Intel shares dive on continued manufacturing woes

US chip giant Intel reported strong revenues for Q2 2020, but a downbeat outlook compounded by its continued struggles with the 7nm process drove its share price down by 12%.

“It was an excellent quarter, well above our expectations on the continued strong demand for computing performance to support cloud-delivered services, a work- and learn-at-home environment, and the build-out of 5G networks,” said Bob Swan, Intel CEO. “In our increasingly digital world, Intel technology is essential to nearly every industry on this planet.

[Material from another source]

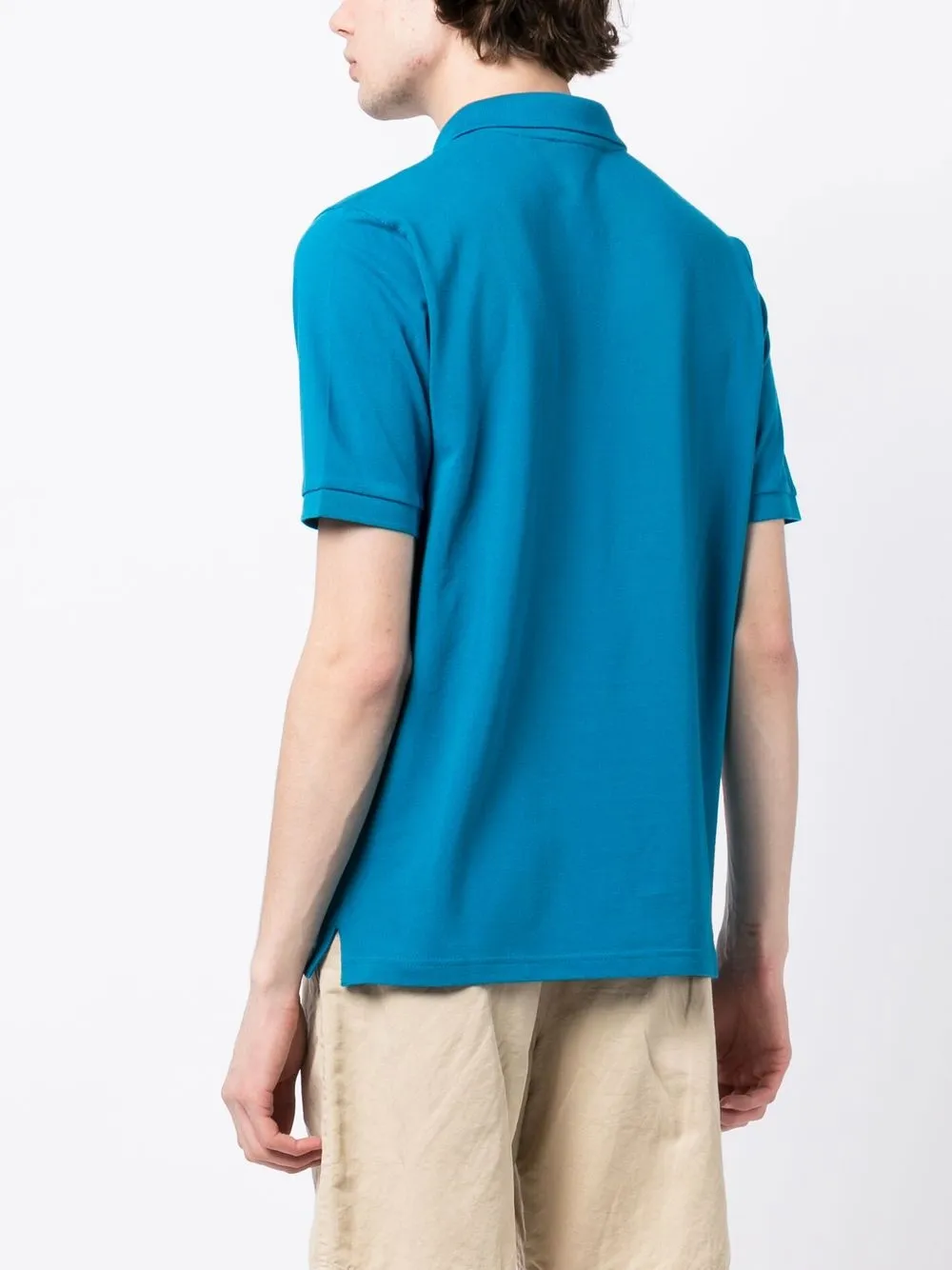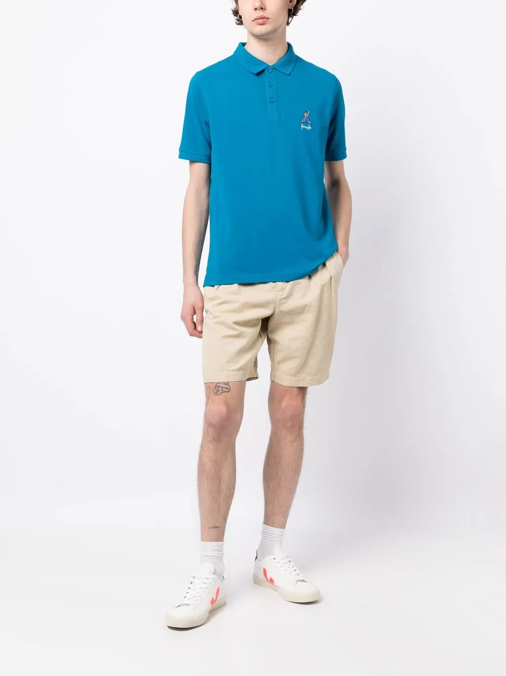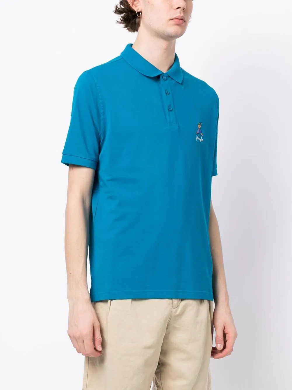 Blau, Baumwolle, aufgesticktes Motiv, Poloshirtkragen, kurze Ärmel, gerader Saum. Dieser Unisex-Artikel wird in Herrengrößen angezeigt.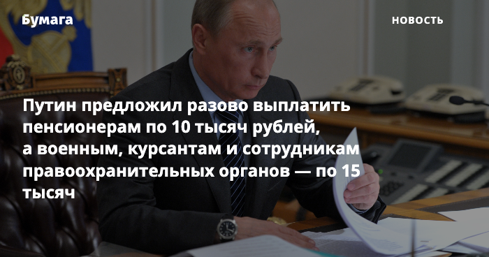 Обновление от 24 августа в 18:31. Владимир Путин также предложил, чтобы курсанты военных училищ и сотрудники правоохранительных органов также получили единовременную выплату в 15 тысяч рублей. Президент уточнил, что все военные должны получить выплату в размере 15 тысяч рублей.

We have an incredible opportunity to enrich lives and grow this company with a continued focus on innovation and execution.”

No arguing with that, but Intel seems to have a funny way of going about it. The executive summary below shows excellent revenue and EPS growth, but the outlook underneath it paints a totally contrasting picture. While the global slowdown caused by the coronavirus pandemic will be partly to blame, ‘7nm CPU products shifting ~6 months’ certainly won’t have helped.

“We are seeing an approximate six-month shift in our 7nm-based CPU product timing relative to prior expectations,” confessed Swan. “The primary driver is the yield of our 7nm process, which based on recent data, is now trending approximately twelve months behind our internal target. We have identified a defect mode in our 7nm process that resulted in yield degradation.

“We’ve root-caused the issue and believe there are no fundamental roadblocks, but we have also invested in contingency plans to hedge against further schedule uncertainty. We’re mitigating the impact of the process delay on our product schedules by leveraging improvements in design methodology such as die disaggregation and advanced packaging. We have learned from the challenges in our 10nm transition and have a milestone-driven approach to ensure our product competitiveness is not impacted by our process technology roadmap.”

To translate the corporate gibberish: Intel is a year behind on the production of its most advanced chips. That means PC and server vendors will also see products that depend on those chips delayed by a year, many of whom may decide to defect to AMD or Nvidia or whoever. Semiconductor specialist site is sceptical of even this concession, so it looks like this will represent Intel’s best quarter for the foreseeable future.